Our software products Qedit and Suprtool have high reputations for quality in the HP 3000 marketplace, but I suspect that our initial design and code are not much better than other people's. What may be different is the way we evaluate and revise our efforts before official release, and the way we react to error reports after the release. The result is that few users ever experience our programming or design mistakes. When one does, we have systems in place that can correct most of them quickly. That is the topic of this paper.
I have good news and bad news regarding software quality. The bad news is: compared to hardware, software quality is terrible. The good news is: I don't think it is the programmers' fault. The techniques for writing good code are well-known and I won't rehash them here. No doubt there are still more techniques and tools to come that will assist in this difficult task. However, most of the quality problems occur because of mismatches between the programs and the needs of clients, not because of bugs.
The market value of a product is not an intrinsic value, not a "value in itself", hanging in a vacuum.
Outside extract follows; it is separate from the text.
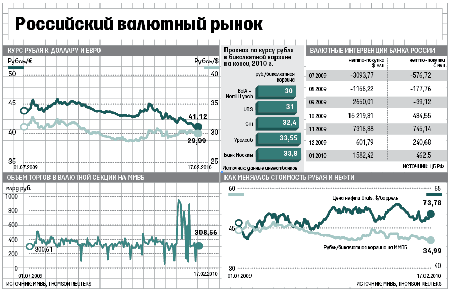 Стоимость бивалютной корзины вчера снижалась весь день и по последним сделкам на ММВБ составила 34,9964 руб., выйдя за пределы технического коридора колебаний курса – 35–38 руб. за бивалютную корзину. Год назад ЦБ установил коридор колебаний курса 26–41 руб., а внутри него – более узкий. Его ширина – 3 руб., зато границы могут меняться, объяснял первый зампред ЦБ Алексей Улюкаев: в нем ЦБ намерен удерживать курс, при необходимости проводя интервенции.

A free market never loses sight of the question: of value to whom? [Ayn Rand]
Your software has quality to the extent that it provides Value to some living, breathing people with choices and options. If another program solves a similar problem in a way that the person values more, it has higher quality.
The 150 "worked", but was incompatible with other PC software, used an odd-size diskette, and customers did not want the touch screen. The LaserJet, on the other hand, satisfied customer needs perfectly. [Kathy McKittrick]
Clients have their own context from which they look at our software:
Why do some subsystems require "EXIT", some "E", and some "EX" to exit? Even in MPE XL, in a single subsystem, SYSDIAG, part of it requires "EXI" and the next level up requires "EX". I know that there is an explanation and it is because parts of the software were written by different teams in vastly different geographical locations, but it seems to me that an elementary standard such as exiting the program should be uniform. [John Dunlop, Interrupt magazine]
After the state spent $20 million and nearly seven years trying to computerize its public-assistance program, the first caseworkers to use the system made their own discovery: They could figure out a client's benefits faster by hand than with the computer. [Seattle Times, May 19, 1989]
This software disaster includes most of the things that can be done wrong. The state contracted with an outside firm to design and implement the system. What started as a Big Project, grew into a Giant one. State officials bragged that COSMOS would use artificial intelligence. It was seven years before the first pilot installation, when workers found it took up to twice as long to figure out a client's eligibility with COSMOS as it did manually.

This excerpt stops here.